(GIVEN DATA)

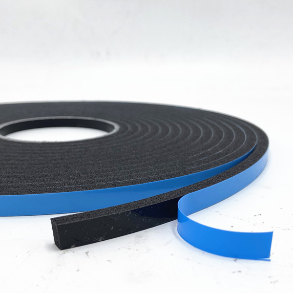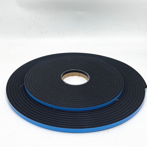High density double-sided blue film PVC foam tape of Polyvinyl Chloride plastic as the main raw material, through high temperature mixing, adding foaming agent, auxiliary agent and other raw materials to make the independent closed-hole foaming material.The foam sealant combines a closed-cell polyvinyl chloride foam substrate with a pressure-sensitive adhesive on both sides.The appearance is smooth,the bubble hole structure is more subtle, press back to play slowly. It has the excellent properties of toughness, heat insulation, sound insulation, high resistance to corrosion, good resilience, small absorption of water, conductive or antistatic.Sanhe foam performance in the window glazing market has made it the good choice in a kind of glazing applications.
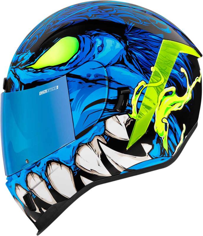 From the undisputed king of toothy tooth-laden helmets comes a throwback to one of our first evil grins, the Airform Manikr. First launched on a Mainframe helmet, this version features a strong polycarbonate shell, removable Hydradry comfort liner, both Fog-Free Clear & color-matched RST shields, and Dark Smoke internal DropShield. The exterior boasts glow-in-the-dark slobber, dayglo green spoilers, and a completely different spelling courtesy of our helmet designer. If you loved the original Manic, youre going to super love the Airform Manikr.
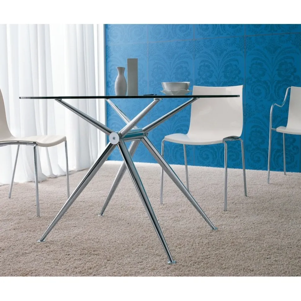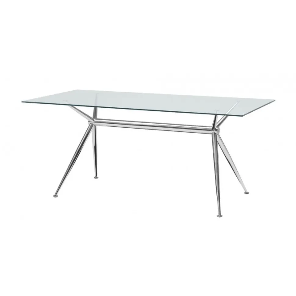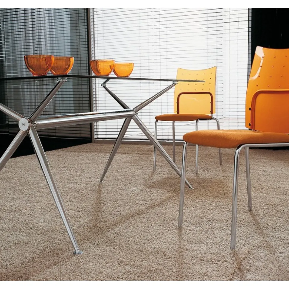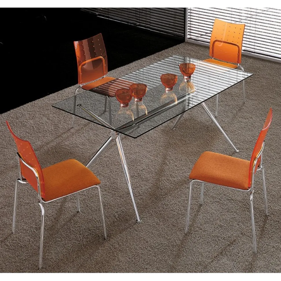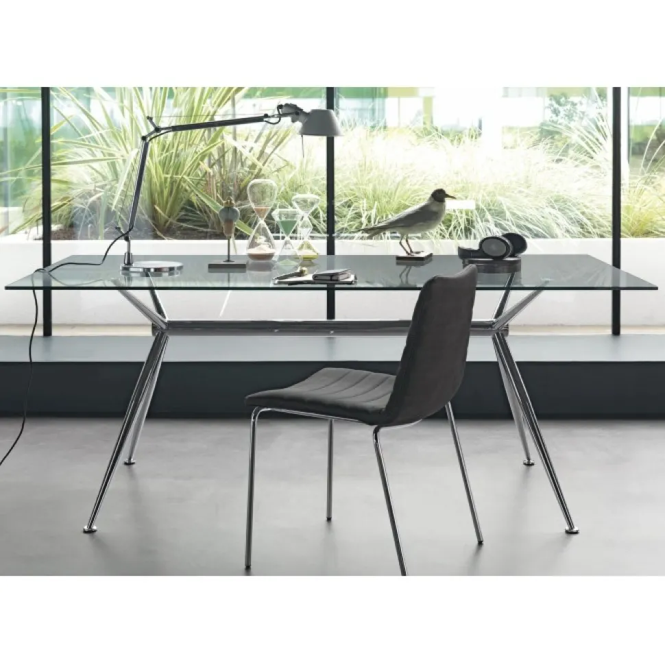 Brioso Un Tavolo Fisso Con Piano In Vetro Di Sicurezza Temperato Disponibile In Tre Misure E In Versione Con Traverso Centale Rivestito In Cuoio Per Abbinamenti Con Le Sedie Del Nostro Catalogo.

(End GIVEN DATA)
(GIVEN DATA)

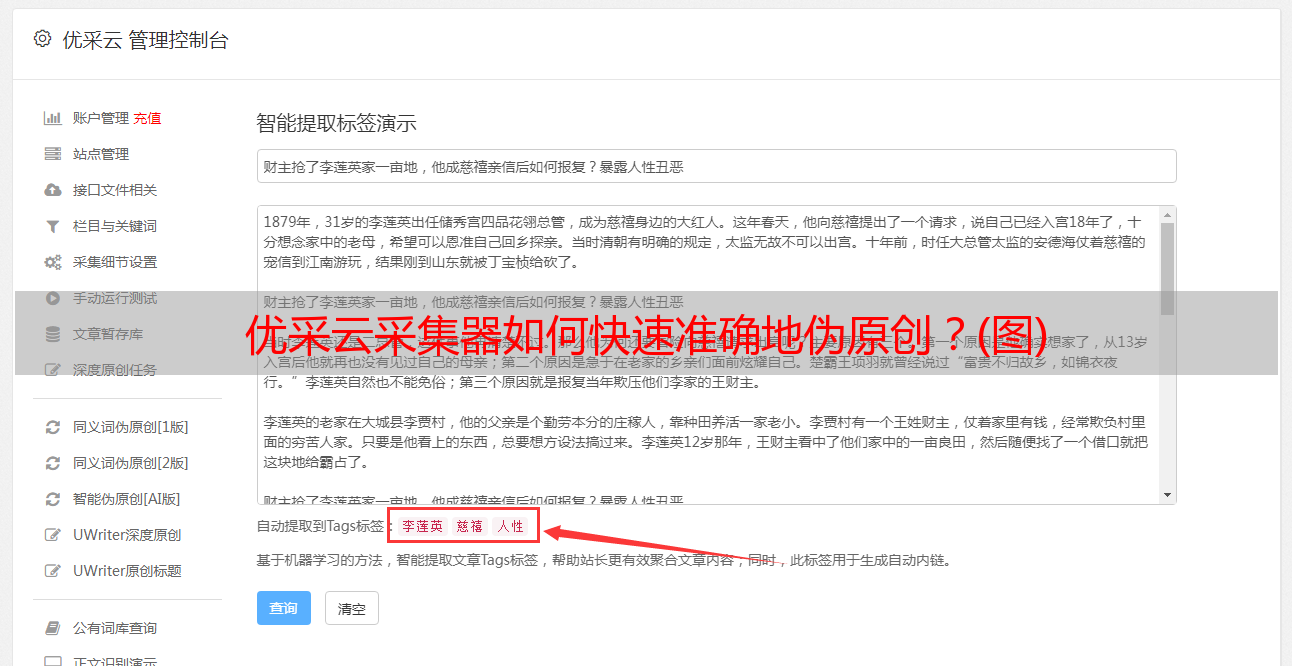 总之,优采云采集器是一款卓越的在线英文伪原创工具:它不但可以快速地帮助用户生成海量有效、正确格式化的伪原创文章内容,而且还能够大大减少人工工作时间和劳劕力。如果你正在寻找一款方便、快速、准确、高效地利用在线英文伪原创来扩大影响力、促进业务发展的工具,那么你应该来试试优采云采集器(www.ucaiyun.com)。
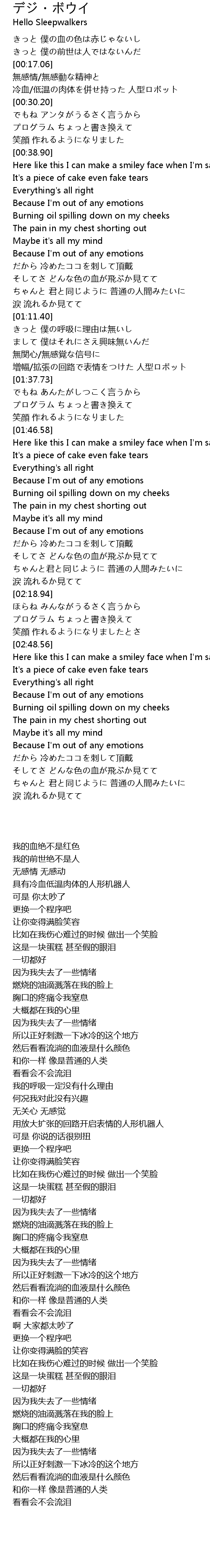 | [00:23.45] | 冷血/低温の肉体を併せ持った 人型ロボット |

(End GIVEN DATA)

**WHAT YOU SHOULD DO:** Everything above from the line that has "From the undisputed" down to the line that has "Brioso Un Tavolo" should be output exactly, with both of those lines included. Leave the pictures behind.

**EXPECTED ANSWER:**
 From the undisputed king of toothy tooth-laden helmets comes a throwback to one of our first evil grins, the Airform Manikr. First launched on a Mainframe helmet, this version features a strong polycarbonate shell, removable Hydradry comfort liner, both Fog-Free Clear & color-matched RST shields, and Dark Smoke internal DropShield. The exterior boasts glow-in-the-dark slobber, dayglo green spoilers, and a completely different spelling courtesy of our helmet designer. If you loved the original Manic, youre going to super love the Airform Manikr.
 Brioso Un Tavolo Fisso Con Piano In Vetro Di Sicurezza Temperato Disponibile In Tre Misure E In Versione Con Traverso Centale Rivestito In Cuoio Per Abbinamenti Con Le Sedie Del Nostro Catalogo.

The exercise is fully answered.